The process (e.g. CC/CV) may be the same, but the max charge voltage anf float voltages differ between gel, flooded and AGM, with the voltage increasing respectively.

Recombination kinetics generally occur at a rate to sufficiently allow C/3 charging. For a 60Ah battery, that means 20A. On bigger batteries like 49, 94, etc., 8A is roughly C/10. So generally most commonly available battery chargers will not create a thermal issue. There is a TON of thermal mass. Ambient will do more for degrading batteries.
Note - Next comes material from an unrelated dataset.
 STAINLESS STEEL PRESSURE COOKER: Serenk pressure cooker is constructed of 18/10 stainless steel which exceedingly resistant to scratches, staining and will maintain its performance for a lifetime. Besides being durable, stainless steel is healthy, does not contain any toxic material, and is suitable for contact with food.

On occasion, the high voltage is beneficial for equalization and for removal of sulfate. The means of removing sulfate is by presence of a high voltage charge, which causes gassing, which is why it is not desirable. The desulfation processes give a higher voltage for a short amount of time in a cyclic basis, so the time averaged gas generation is low enough to allow recombination.

To me, the most important thing is temperature compensation, as the voltage range in an area like the NE where we have four solid seasons is over 1.5V depending upon ambient temperature. Most cheap junior and HF type chargers dont temperature compensate. So they overcharge above roughly 75F, and undercharge below, like in the winter when it is more important. The lower the SOC, the higher the freezing point of the electrolyte. It doesnt take much to get the freezing point into the 20-27F range...
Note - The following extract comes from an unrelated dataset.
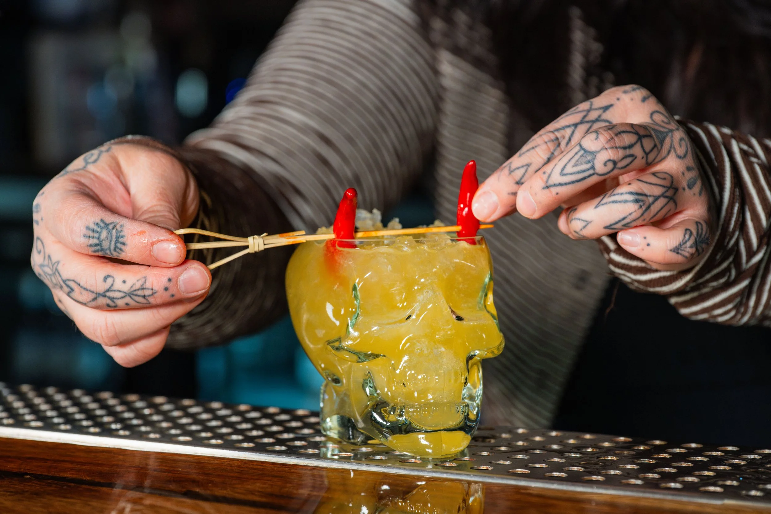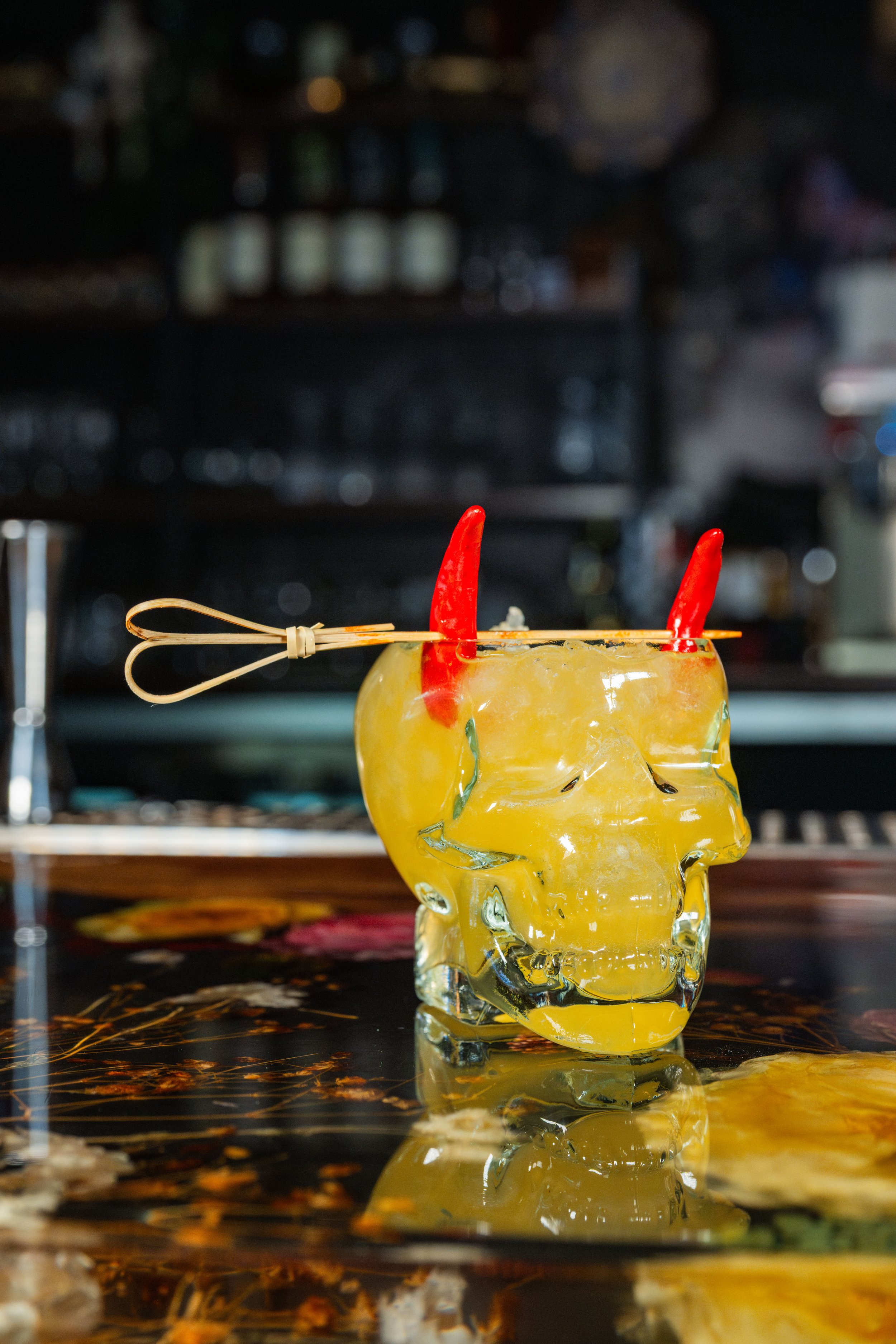 Devil’s Dance: Thai Chile-Infused Rum, Passionfruit Liqueur, Ginger Beer, Vanilla Syrup, Lime Juice, Thai Chiles

You are obviously a smart guy, but I am curious as to why you think the presence of a high voltage charge is the only way to remove sulfate crystals? High voltage charges can actually mess with vehicle electronics, harm batteries if not compensated for and was the basic method used in the 50's (yes the delivery method has been adjusted). Frequency pulsing dissolves the crystals and causes no excessive heat. I have yet to see an Xtreme charger over charge any battery. The microprocessor inside does all the work and since voltage never spikes above 14.8V and the unit continually tests the battery it cannot overcharge a battery.
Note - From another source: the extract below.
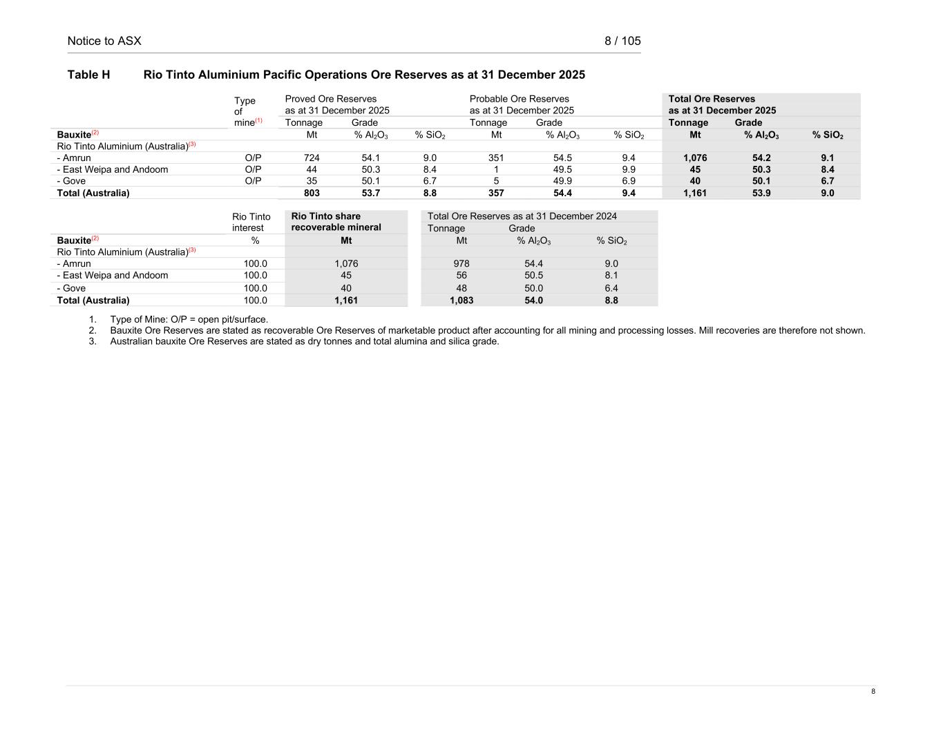 Notice to ASX 8 / 105 8 Table H Rio Tinto Aluminium Pacific Operations Ore Reserves as at 31 December 2025 Type of mine(1) Proved Ore Reserves Probable Ore Reserves Total Ore Reserves as at 31 December 2025 as at 31 December 2025 as at 31 December 2025 Tonnage Grade Tonnage Grade Tonnage Grade Bauxite(2) Mt % Al2O3 % SiO2 Mt % Al2O3 % SiO2 Mt % Al2O3 % SiO2 Rio Tinto Aluminium (Australia)(3) - Amrun O/P 724 54.1 9.0 351 54.5 9.4 1,076 54.2 9.1 - East Weipa and Andoom O/P 44 50.3 8.4 1 49.5 9.9 45 50.3 8.4 - Gove O/P 35 50.1 6.7 5 49.9 6.9 40 50.1 6.7 Total (Australia) 803 53.7 8.8 357 54.4 9.4 1,161 53.9 9.0 Rio Tinto interest Rio Tinto share recoverable mineral Total Ore Reserves as at 31 December 2024 Tonnage Grade Bauxite(2) % Mt Mt % Al2O3 % SiO2 Rio Tinto Aluminium (Australia)(3) - Amrun 100.0 1,076 978 54.4 9.0 - East Weipa and Andoom 100.0 45 56 50.5 8.1 - Gove 100.0 40 48 50.0 6.4 Total (Australia) 100.0 1,161 1,083 54.0 8.8 1. Type of Mine: O/P = open pit/surface. 2. Bauxite Ore Reserves are stated as recoverable Ore Reserves of marketable product after accounting for all mining and processing losses. Mill recoveries are therefore not shown. 3. Australian bauxite Ore Reserves are stated as dry tonnes and total alumina and silica grade.

The Battery Minder desulphating chargers that use both frequency based pulsing and voltage pulsing require a temperature compensation control (i.e. model BM12248) because they can overcharge based on ambient temperatures. That is solely due to the voltage spikes that average 18-22V, but I have been told can reach into the 40V range. These chargers work pretty good and would be #2 on my list behind PulseTech chargers. [We do not even consider CTEK a desulphating charger. Several years ago we pointed out our findings to them and they purchased some of the competition’s chargers to compare results…a couple months later we got the cold shoulder and the president of the company never replied to us again. We were hoping they would prove us wrong and send a detail comparison chart, but I guess the lack thereof indicates they did not stand up well to the head to head competition.]
 
Originally Posted By: ImpactBattery
Avoid CTEK Chargers if you plan on desulfating. You will be disapointed. Plus the charge is not as "rich" as or PulseTech, for example. The batteries left on a CTEK will fall from their peak voltage of 12.8-12.9 in days. If you use one of the others the peak voltage will be 13.0-13.2 and last for several weeks. CTEK is no better than Battery Tender.


100% SOC is not 13.0-13.2 That is a surface charge.